The Top 10 Flaws of Neoclassical Economics
Unfortunately, Damon Vrabel’s Renaissance series of videos has been taken down and his site is no longer available – the reasons are not clear. However, this summary remains, and remains instructive as to why neoclassical economics fails in its analysis. Essentially, neoclassical economics ignores the activities of the banks, erroneously assuming their role to be the ‘middle man’ between depositor and investor. Crucially (and perhaps in some cases, deliberately), neoclassical economists miss the overarching financial sector which leeches wealth from the real economy to the small number of oligarchs who constitute the entrenched private monopoly which effectively controls the global economy.
Revisiting Economics 101 – Debt: Imperial Power and Control discusses the power of debt-based money, emboded in the bond market, and its ability to exert total top-down power and control. Learn how our system is not a free market and how neoclassical economics misses so many key points.
The top 10 flaws of Neoclassical Economics according to Damon Vrabel http://csper.org/economics-2.html
1. Money monopoly = free market
Neoclassical economics calls our current system under a private monetary monopoly a free market. Of course nothing could be further from the truth.
The monetary system is an overlay on top of the economic system. Economic systems create value through market activity, but the monetary system which overarches them, determine who captures their value.
Neoclassical economics completely ignores the monetary system, and the fact that it is controlled by an entrenched private monopoly.
2. Neoclassical Economics ignores that money comes from nothing but debt.

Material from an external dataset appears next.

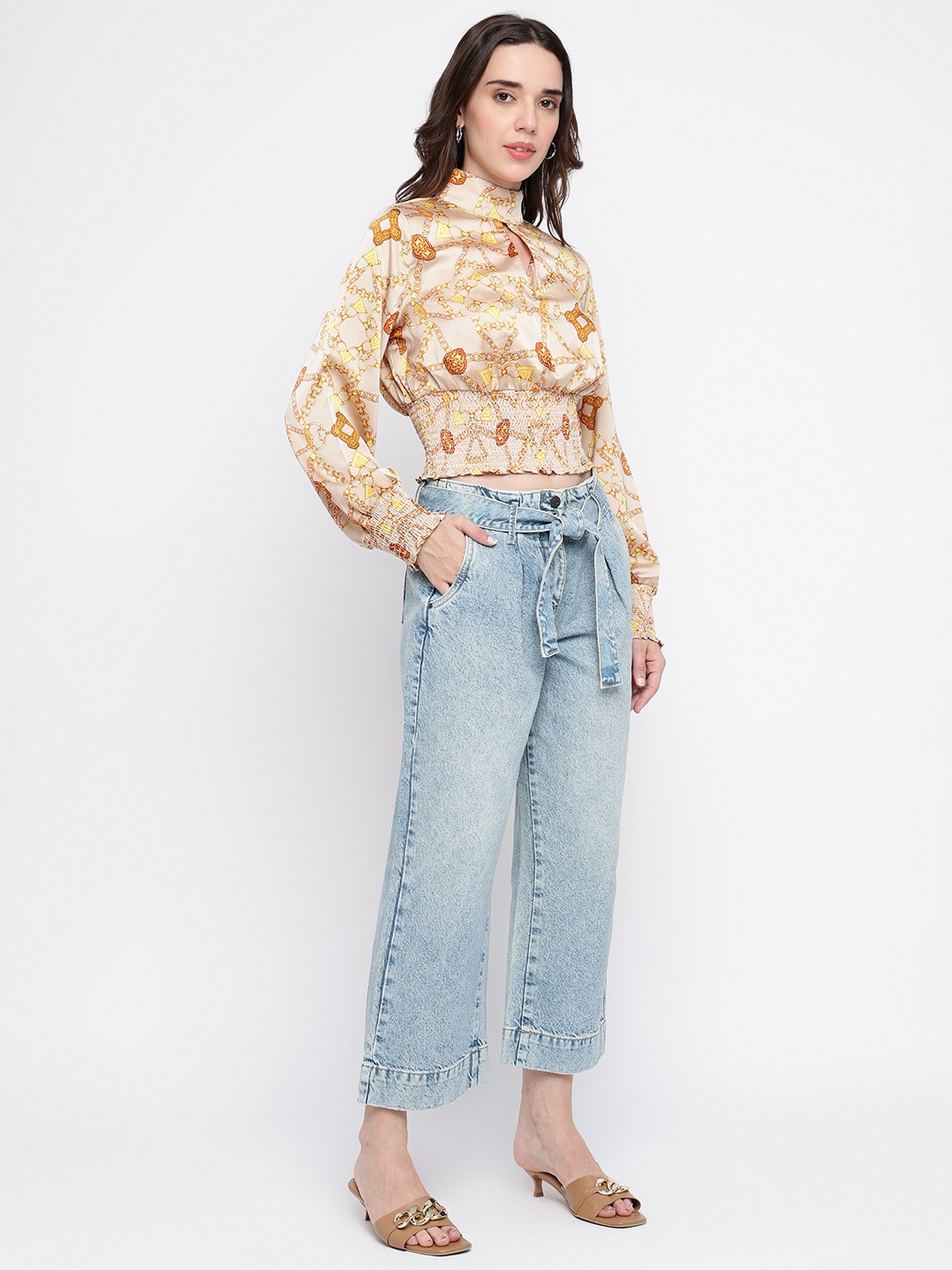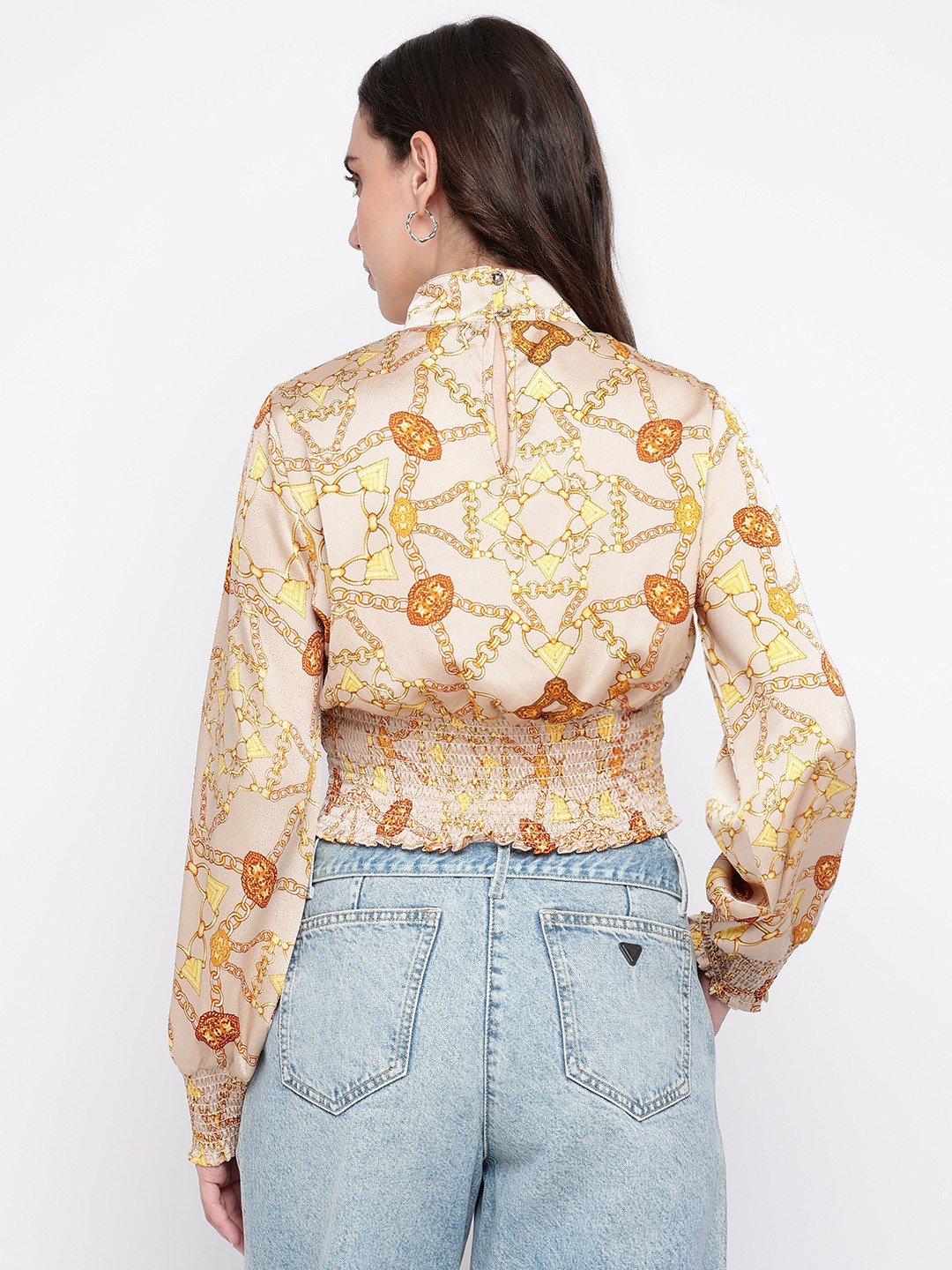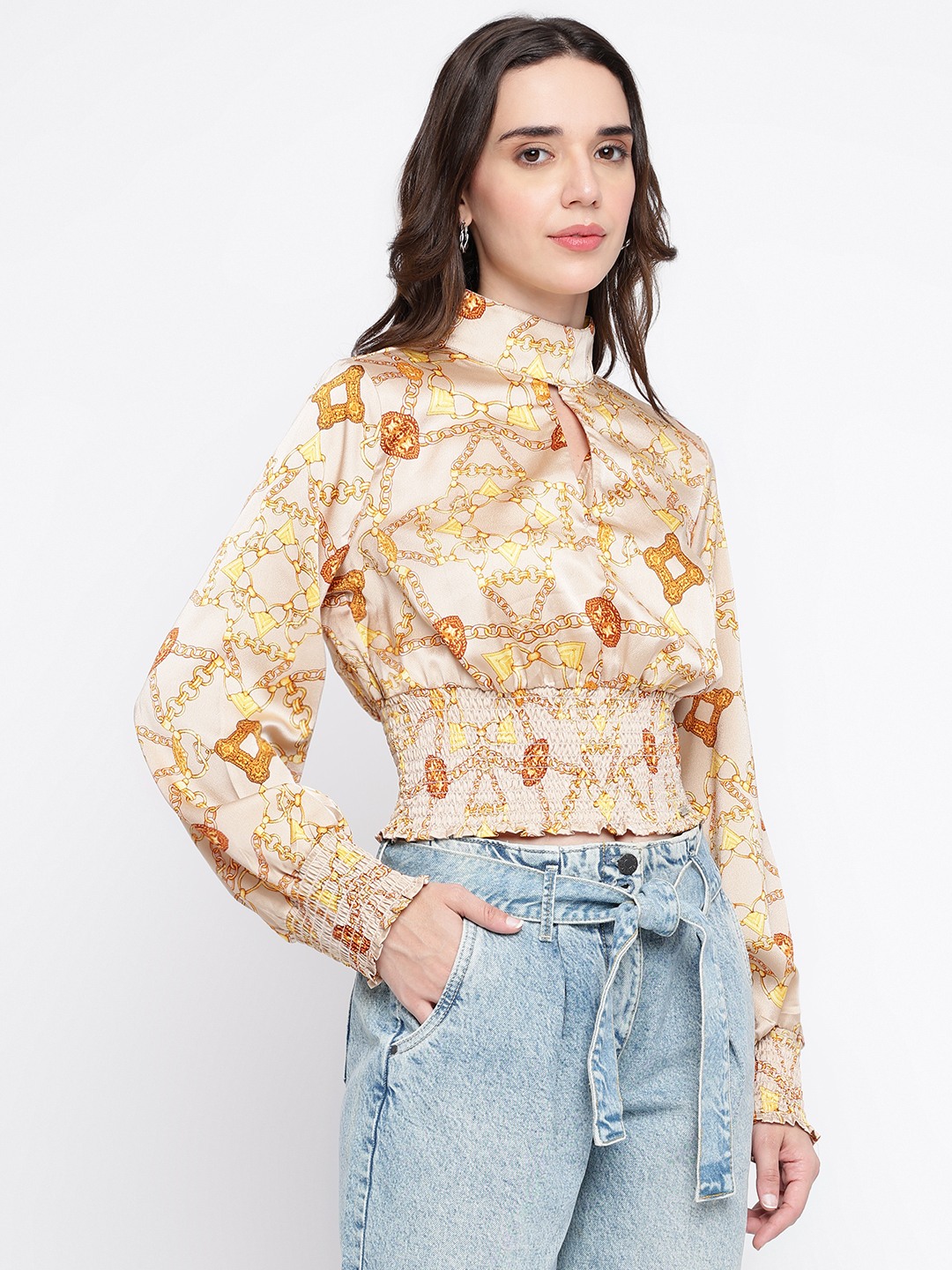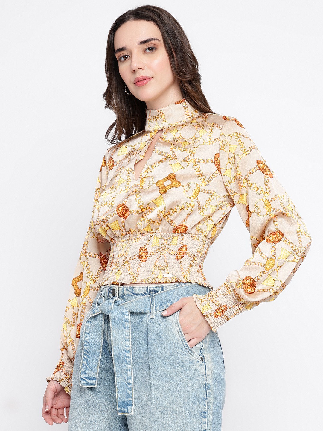 Elevate your wardrobe with our chic beige top, designed for the modern woman who values both style and comfort. Crafted from 100% premium cotton, this top offers a breathable and soft touch against your skin. The regular fit ensures a flattering silhouette, while the full sleeves and high neck add a touch of sophistication. Adorned with a subtle printed pattern, it exudes elegance. The button closure adds a classic finish, making it perfect for both casual outings and formal gatherings. Embrace timeless fashion with this versatile piece.

Economics does not address the fact that all money comes from debt. It assumes that base currency (M0, core money) is just a free-flowing medium of exchange that apparently comes from the US Treasury. It does not. It comes from the Federal Reserve backed by debt.
3. Neoclassical Economics ignores the artificial scarcity condition.
Economics ignores how a debt-based monetary system imposes scarcity on countries and populations. There is never enough money to pay back all the debt, so everyone is forced to jump on the hamster wheel, scrambling to find more money to pay back debt. This dynamic is perpetual. It never stops until the system crashes. It need not be this way.
4. Neoclassical Economics equates net worth with value creation.
Economics ignores how the financial class and others serving the upper end of the capital structure capture more money simply because they have entrenched power. They extract value. They do not create it. Economics is correct that participants in the economic system create value, but it misses the fact that the monetary system on top of the economic system determines who captures that value.
5. Neoclassical Economics assumes free, rational, economic actors by ignoring power differential of debt.
The power differential caused by the monetary system is ignored by economics. This is the only reason the system is erroneously called a “free market.” The monetary system is entirely centripetal, sucking all power to the center, or the top-tiered financiers. People are in servitude in a very controlling market, not a free market.
6. Neoclassical Economics ignores the instability of having a pure debt-based monetary system.
Economists ignore that the economic system is guaranteed to boom, bust, and eventually end – because the monetary system on top of it, is completely unstable and fundamentally flawed. It depends upon increasing debt. It cannot increase forever, and it can collapse to zero since people have no sovereign money.
7. Neoclassical Economics ignores the wealth illusion.
By not addressing the issue of debt-based money, economics fools people into believing the digits in their bank accounts equate to their wealth. But the fact is they represent a conditional liability, i.e. somebody else’s debt. This becomes obvious during deflation. The illusion is reinforced during inflationary periods.
8. Neoclassical Economics ignores perpetual exponential growth.
Unimaginably, economists ignore the most severe flaw of the monetary system that drives our economic system—it requires exponential growth. This guarantees eventual failure, but neoclassical economics conveniently assumes that problem away.
9. Neoclassical Economics ignores perpetual increasing scale.
As a result of perpetual exponential growth, institutions in the system continually get bigger and bigger. We saw this as the economic system made towns, counties, and states irrelevant through the last century, and we are now seeing it as mega banks and corporations are now making national governments irrelevant. People are now living as tiny cogs in a machine of incomprehensible scale. Everything in life has been monetized, so things that don’t generate bank credit get devalued (spirituality, psychology, rest, joy, play, etc).
10. Neoclassical Economics ignores perpetual increasing velocity.
Another problem from exponential growth is perpetually increasing velocity. The system has to chug faster and harder as it continues to grow. This means human life has to chug faster and harder. The most obvious manifestation of this is the endless, hectic commutes every morning to jobs we despise. We feel frustration, sometimes rage, toward our fellow commuters. That is just one small example of how systemic velocity affects the human spirit.